More than 50 years ago, when transposable elements were first discovered, B. McClintock (11) termed them "controlling elements" because of how they affect the expression of neighboring genes. Fifteen years later, Britten and Davidson (12) expanded this idea by hypothesizing that repetitive elements can act to distribute regulatory sequences throughout the genome and, in doing so, enriching, possibly even creating, whole pathways.
First glimpses of this phenomenon were explored in the pregenomic era and compiled into a hand-curated list of cases where researchers had come across individual mobile element instances that acquired a cellular role (13), a process termed "exaptation" (as opposed to adaptation) by Gould and Vrba (14). In the early genomic era, 1 Mb of the human and mouse genomes was examined for exaptation of mobile elements (15). A later analysis of 1.9 Mb of the human genome sequenced in 28 additional mammals came up with another handful of ancestral repeats evolving under strong purifying selection (16).
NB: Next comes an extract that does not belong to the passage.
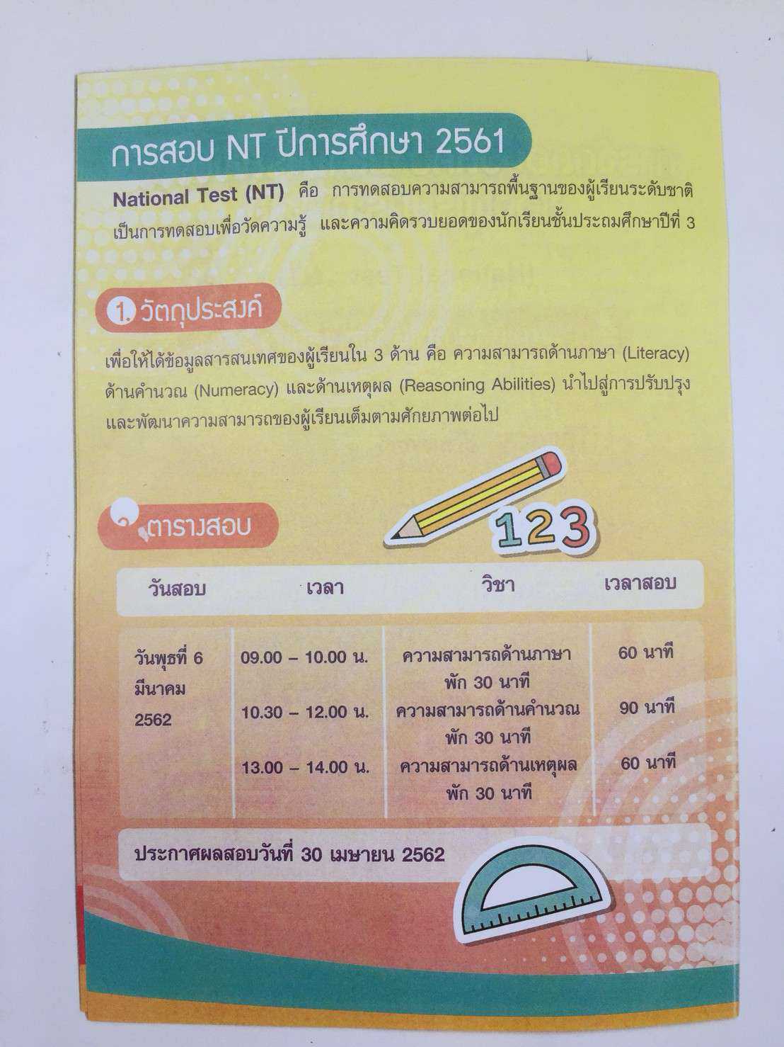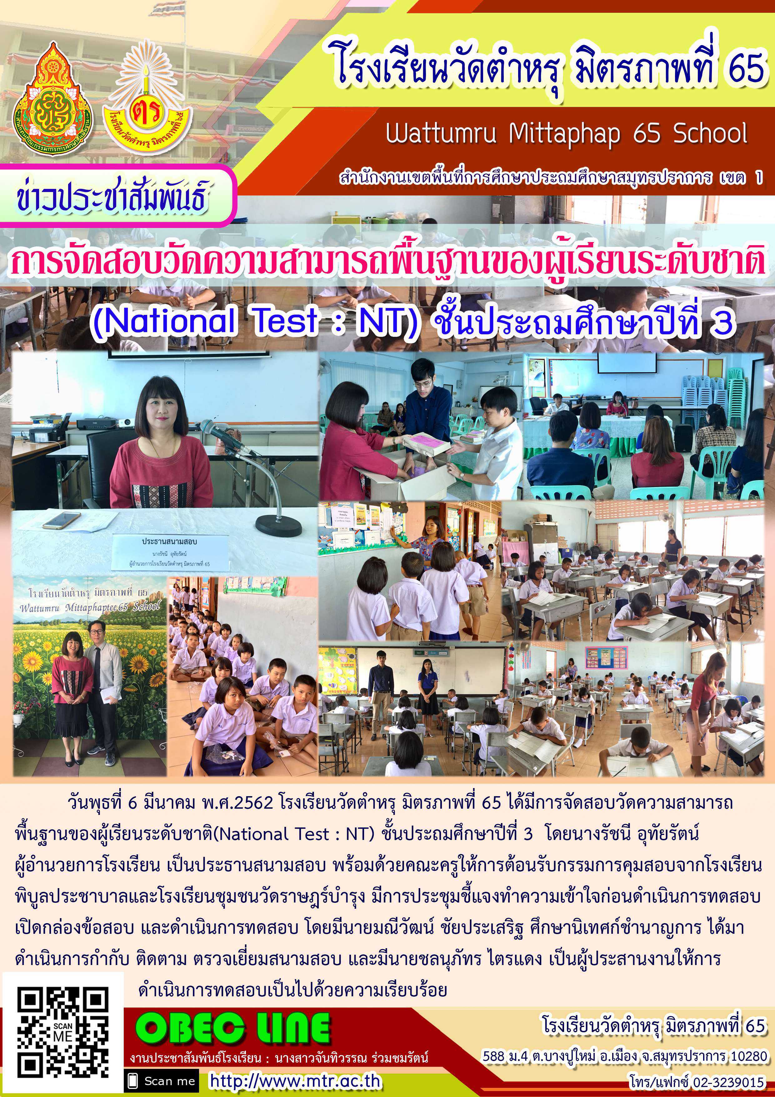 การจัดสอบวัดความสามารถพื้นฐานของผู้เรียนระดับชาติ(National Test : NT) ชั้นประถมศึกษาปีที่ 3

More recent works, focusing on large families of constrained paralogous non-protein-coding sequences (17, 18), were able in two cases to explicitly implicate these families as originating from mobile elements (19, 20). Recent work has also elucidated that some mobile elements may be rich in transcription factor-binding sites (21). Combined, these observations suggest that the ideas of McClintock, Britten, and Davidson should be revisited on a genomic scale.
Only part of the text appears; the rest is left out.